Homebuyers underestimate mortgage payments by £500 per month
London, 5 June 2014 - Homebuyers are severely overestimating their ability to repay their mortgage and could see their finances stretched to breaking point in the event of an interest rate rise, according to a report from Experian, the global information services company.
Based on research among 1,500 Britons looking to buy a home, the report1 (please see attached document) shows homebuyers have their sights set on a property worth an average of £235,000. With a combined household income of £50,674, the average homebuyers claim they can afford an average mortgage payment of £780 a month. However, based on a 10% deposit, repayments on a £235,000 property would actually be nearer to £1,300 a month, and potentially more, depending on their credit history and the lenders policy rules2.
The situation becomes even more problematic if, as is widely reported, the Bank of England moves to increase base interest rates in 2015. Although people may be able to afford such a property at present, even modest interest rate rises could make meeting their monthly repayments difficult and leave little available cash at the end of the month for unforeseen living costs.
Mortgage payments could soar to £1,440, almost double what the average homebuyer claims they can afford, should variable rates convert to 5.5% at the end of a typical two-year fixed deal – a 1.5 point rise on current rates3.
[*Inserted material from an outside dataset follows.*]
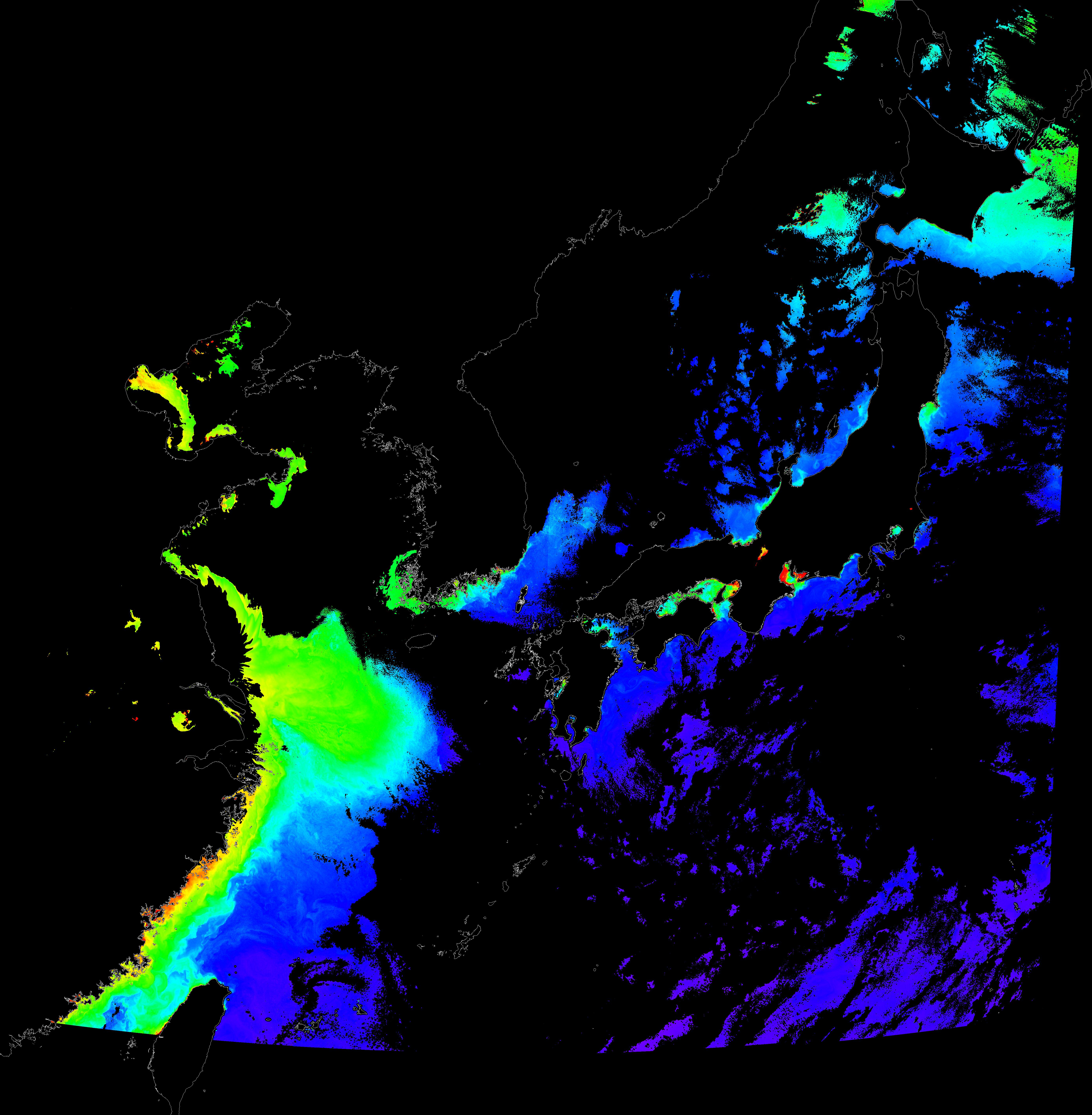 o 2016년 2월 8일 천리안 GOCI 클로로필 a 위성영상입니다.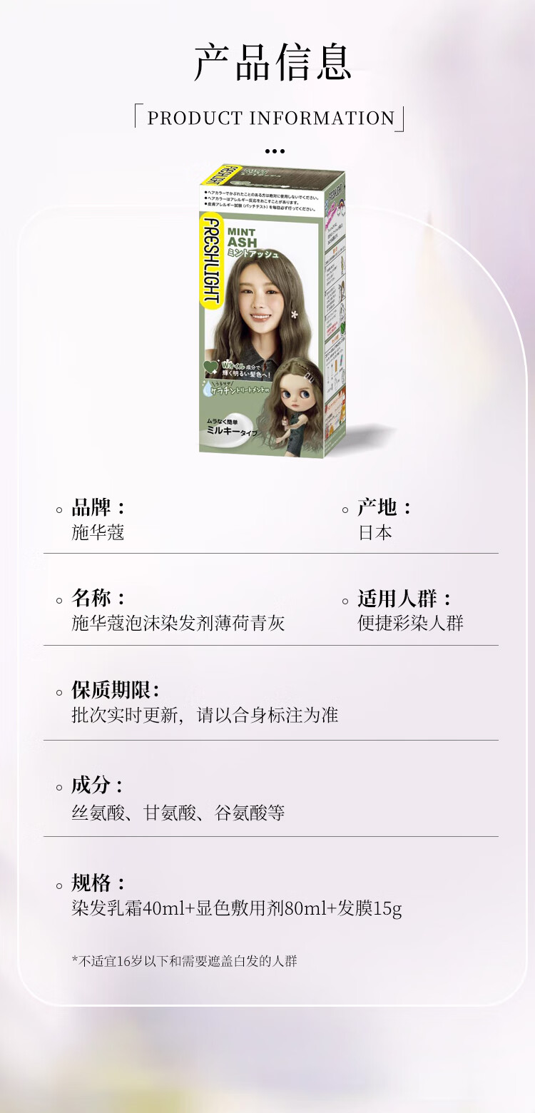 施华蔻(Schwarzkopf)泡泡染发剂薄荷青灰 男女通用不沾头皮日本原装进口

Peter Turner, Managing Director, Experian Consumer Services, UK & Ireland, commented:
“These findings show just how important it is to get your finances in the best shape possible in advance of a mortgage application. It’s not just a case of making sure you’re accepted; it’s a case of using your finances to land the best rate possible. Ensuring that your mortgage application gets the highest credit score possible can make a difference of hundreds of pounds a month, and thousands over the course of mortgage’s lifetime.”
Yet the research also suggests that many homebuyers may be guilty of complacency when it comes to getting their finances in order and making the changes necessary to improve their credit report to ensure their mortgage application gets the best credit score possible.
Only 23% of respondents have checked their credit report in the last six months, which would help provide a clear picture of how their credit history is likely to be viewed by lenders – as well as the positive and negative factors that could affect their credit score.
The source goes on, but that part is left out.